For more advanced inquiries, ASP.Net also provides a Linq data source control which looks like this:
<asp:LinqDataSource ContextTypeName="MyDatabaseDataContext" TableName="Products" ID="LinqDataSource1" runat="server"> </asp:LinqDataSource>
To use these controls in your application, you just set the DataSourceID attributes of your data controls to the appropriate source control.
Connecting to the Database in Code
Before source controls, everyone had to use C# to connect to their databases. There are still many situations where this method is still preferred.
The entire ADO.net framework exists under the System.Data namespace, so you will need to include it everywhere you need to use this “in code” method. You do this with either the using C# statement in your code file or the Import ASP.Net directive in your web form file.
using System.Data.SqlClient; <%@ Import Namespace=”System.Data.SqlClient” %>
As with the source controls, there is a namespace for each common database plus generic options of ole db and odbc connections.
Once you have the right namespace set, you can start connecting to your database through a connection object. Each database namespace has its own connection object. It usually has the name of the database type followed by the word Connection. You set the connection string through the connection objects ConnectionString property or as an argument of its constructor. You can use the ConnectionStrings collection of the built in ConfigurationManager to get your connection string from web.config.

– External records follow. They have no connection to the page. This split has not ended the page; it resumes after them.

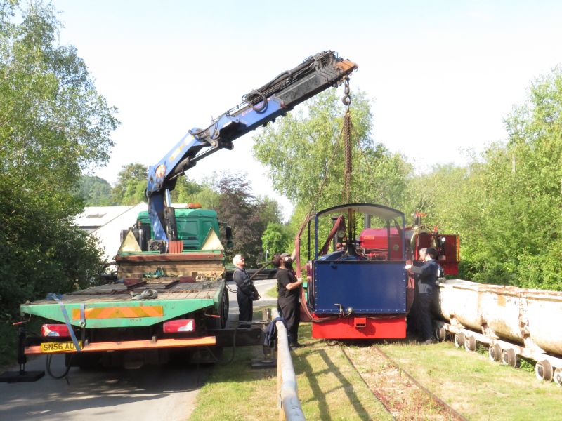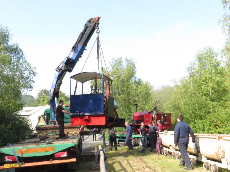 But at around 9 o'clock on Saturday when, realisticly, the needle should have been well off the pin on both locos, the lorry arrived. Wendy was lifted off the lorry while Cloister waits on the other trailer in the background.
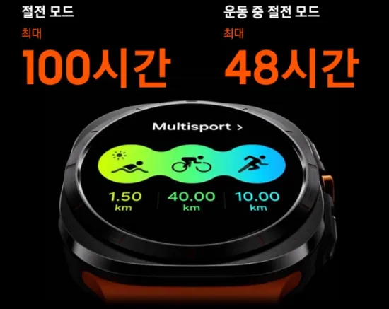 갤럭시 워치7 울트라는 절전 모드를 활용하면 최대 100시간까지 사용이 가능합니다. 운동 중 절전 모드를 사용할 경우 최대 48시간까지 사용할 수 있어 장시간 사용에도 걱정 없이 이용할 수 있습니다.
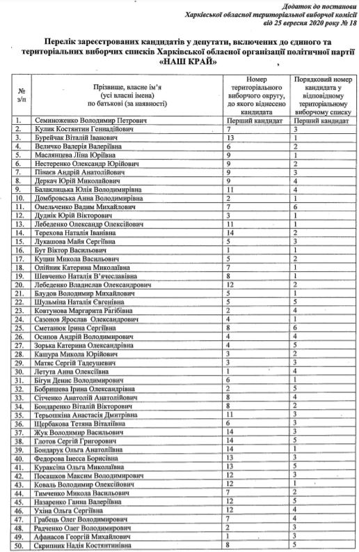 Источник: журналисты общественного движения "ЧЕСНО", постановление Харьковской областной территориальной избирательной комиссии о регистрации кандидатов в депутаты облсовета
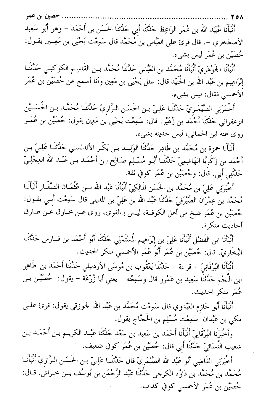 أنبأنا حمزة بن محمّد بن طاهر حدّثنا الوليد بن بكر الأندلسي حدثنا علي بن أحمد بن زكريا الهاشمي حدثنا أبو مسلم صالح بن أحمد بن عبد الله العجليّ حَدَّثَنِي أَبِي. قَالَ: وَحصين بْن عُمَر كوفي ثقة.
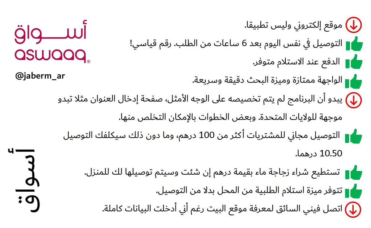 بشكل عام التجربة إيجابية. نعم أكثر الواجهات بدائية لكن مع قليل من الصبر وبعض التخطيط المسبق تغنيك هذه التطبيقات عن ضرورة زيارة المتاجر شخصيا، فحتى اللحوم والفواكه الطازجة متوفرة للشراء إلكترونيا والتوصيل للمنزل.

string connStr = ConfigurationManager.ConnectionStrings["MyConnectionString"].ToString(); SqlConnection mySQLconnection = new SqlConnection(connStr);
There you have it. Your ASP.Net application is now connected to your database. You will have to called your connection object’s Open() method to actually use it, but that’s all you need to connect to a database through ASP.Net controls. From this point on, you just need to use .Net’s data objects to access your database data as you need it. To close the connection, you just have to issue the connection’s Close() command, and then its Dispose() command to clean up your server’s resources.